As mentioned above, the quality of your product data is a key determining factor in your performance on Google Shopping. Product data is quite an abstract term, so let’s get specific. Google, like any search engine (including Amazon, for example) attempts to deliver relevant results to search queries.

This is true in paid placements as well as organic results. That means that the most relevant products are more likely to be displayed as ads. This in turn means that the required bid to display the ad is lower than a less relevant product. So, the challenge is to give Google all of the information it needs in order to understand all of the terms your product is relevant for. To do this, you need key attributes like colour, material, size, dimensions, weight, etc. to be included in the data feed that you send to the Google Merchant Centre.

The problem is that many brands don’t do this – Google Shopping pulls a limited amount of information, sometimes directly from the website or ecommerce platform. That means less relevancy, which means less exposure and higher bids, hurting key ecommerce metrics like cost per acquisition and return on advertising spend. Ultimately, poor quality product data means your ROI for your Google Shopping campaigns will always be limited.

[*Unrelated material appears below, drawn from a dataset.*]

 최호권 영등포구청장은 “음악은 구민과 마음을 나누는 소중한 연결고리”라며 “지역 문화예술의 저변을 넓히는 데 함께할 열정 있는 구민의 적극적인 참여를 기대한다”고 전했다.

It’s not just Google that reads your listings in Shopping though – it’s your customer. You need high quality titles (70 characters before Google cuts them off) and descriptions with relevant keywords (up to 5000 characters). Product images are also vital – high quality here is paramount to conversion.

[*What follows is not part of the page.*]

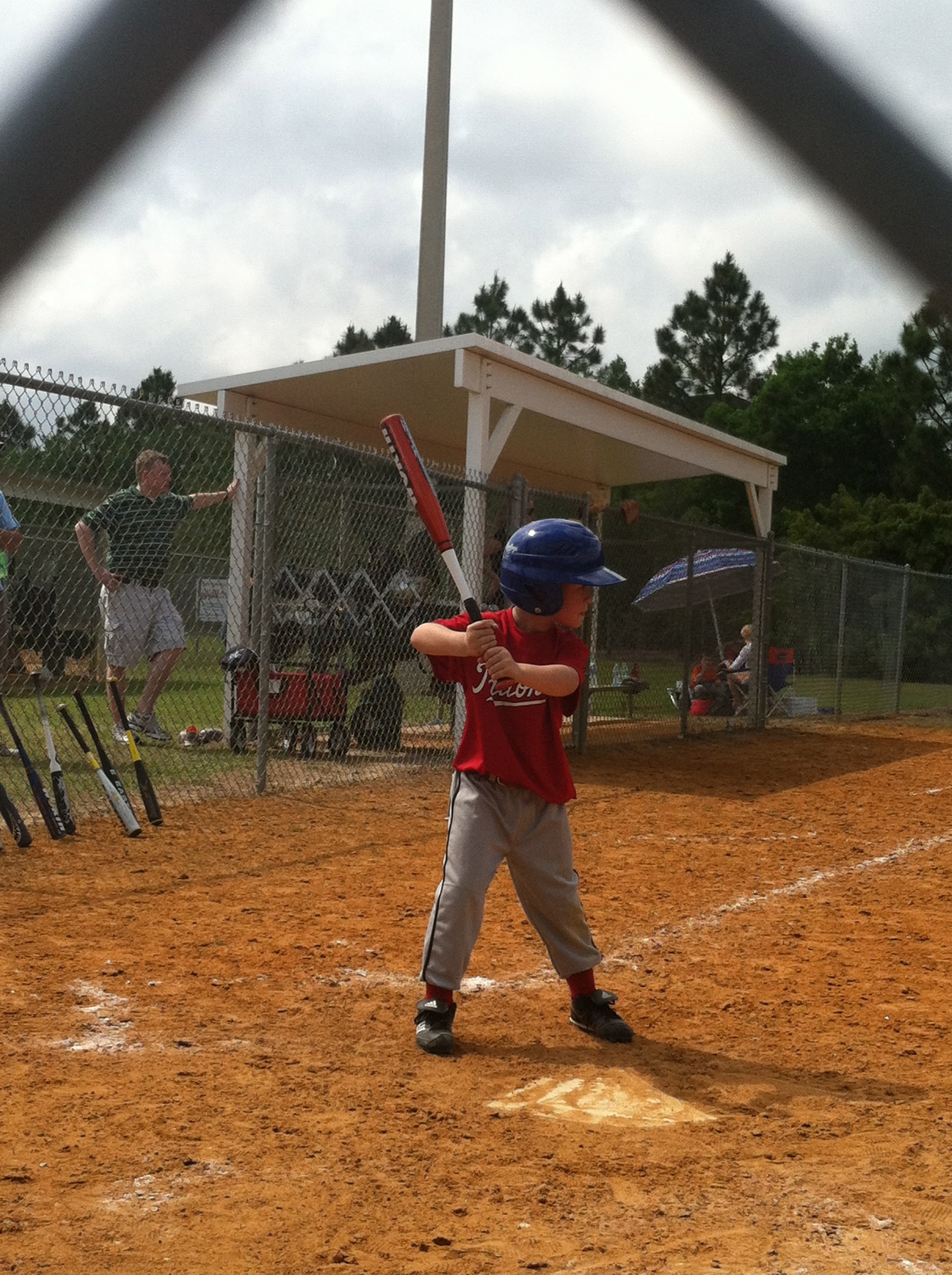 Case shared a spot in the shade with me while Jeff helped coach on the field. But games are long for a baby brother who just wants a team of his own. So, sometimes he would sneak beneath the bleachers and watch from the fence.

This sounds like (and is) a lot of work to do to optimise listings for Google Shopping. However, brands are increasingly using technologies with AI and machine learning capabilities to allow them to maintain a single product data set, which then gets automatically pulled out and intelligently optimised for individual channels like Google Shopping by the technology itself.

Seeing the big picture

The theme running through all of this is that without a clear idea of how your Shopping campaign ties into the rest of the business, it’s hard to realistically claim a strong return on investment. eCommerce teams need their actions to be fully informed by relevant data. How many Google Shopping campaigns are optimised to avoid promoting products with low margins and high return rates? To avoid such errors and earn a strong ROI, it is crucial to learn how to optimise Google Shopping campaigns.

Chasing impressive-seeming returns on ad spend is tempting, but being able to prove value to the wider business through increasing the profitability of online sales is probably better in the long run. The key is to constantly focus on bottom-line affecting metrics like return rates, profit margin and to focus your efforts where they will make the most difference.